Wow! There are differences between means for each of the variables! However, we don't know which means are different! To do this we need to do a post-hoc test.

#### Post-Hoc test

The code below allows you to perform a Tukey's post-hoc test and a Bonferroni corrected pairwise comparison between all means for a variable of your choice.
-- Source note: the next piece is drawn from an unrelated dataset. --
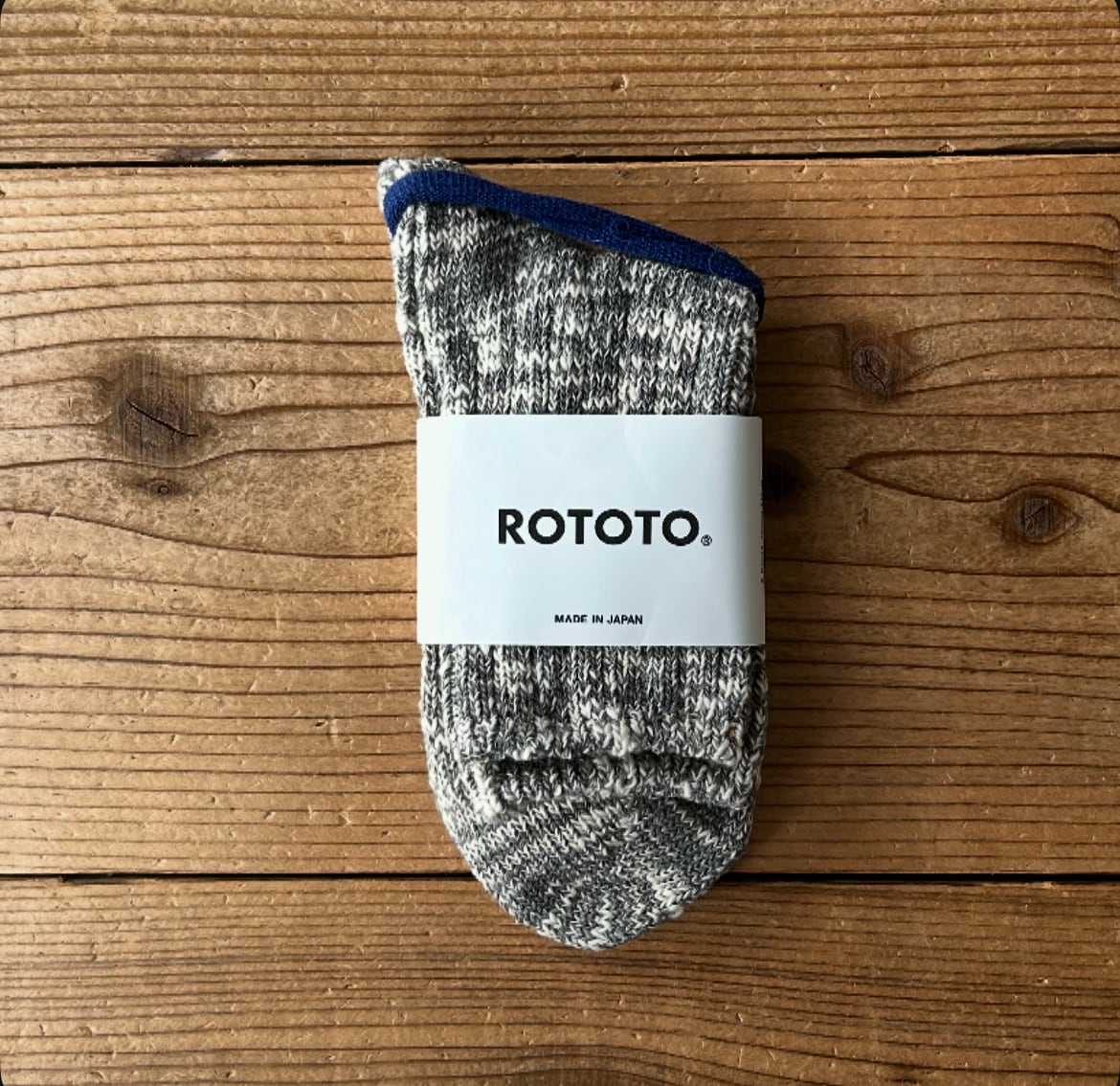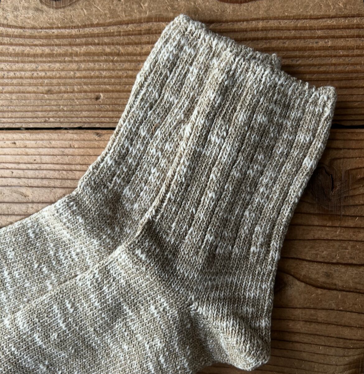希少な旧式編み機を使用し、太番手のオーガニックコットン糸とリサイクルコットン糸をミックスして編み立てたローゲージソックスです。

Which categories have differences in means for which categories?

In [None]:
def perform_post_hoc_tests(variable):
    # Performing Tukey's HSD test
    tukey = pairwise_tukeyhsd(endog=lab_data[variable],
                              groups=lab_data['Category'],
                              alpha=0.05)
    print("Tukey's HSD Test Result:")
    print(tukey.summary())
    
    # Bonferroni corrected pairwise comparisons
    print("\nBonferroni Corrected Pairwise Comparisons:")
    mc = MultiComparison(lab_data[variable], lab_data['Category'])
    bonf_result = mc.allpairtest(stats.ttest_ind, method='bonf')
    print(bonf_result[0])
    
    # Optionally, plot Tukey's HSD test result
    #tukey.plot_simultaneous(xlabel=variable, ylabel='Group')
    #plt.title('Tukey HSD Test Result')
    #plt.show()

# Creating dropdown for variable selection
variable_dropdown = Dropdown(options=continuous_variables, description='Variable:')

# Linking the dropdown to the post hoc tests function
interact(perform_post_hoc_tests, variable=variable_dropdown)

DISCUSSION QUESTION:
- Why are the Tukey's post-hoc analysis findings the same as the Bonferroni post-hoc analysis findings?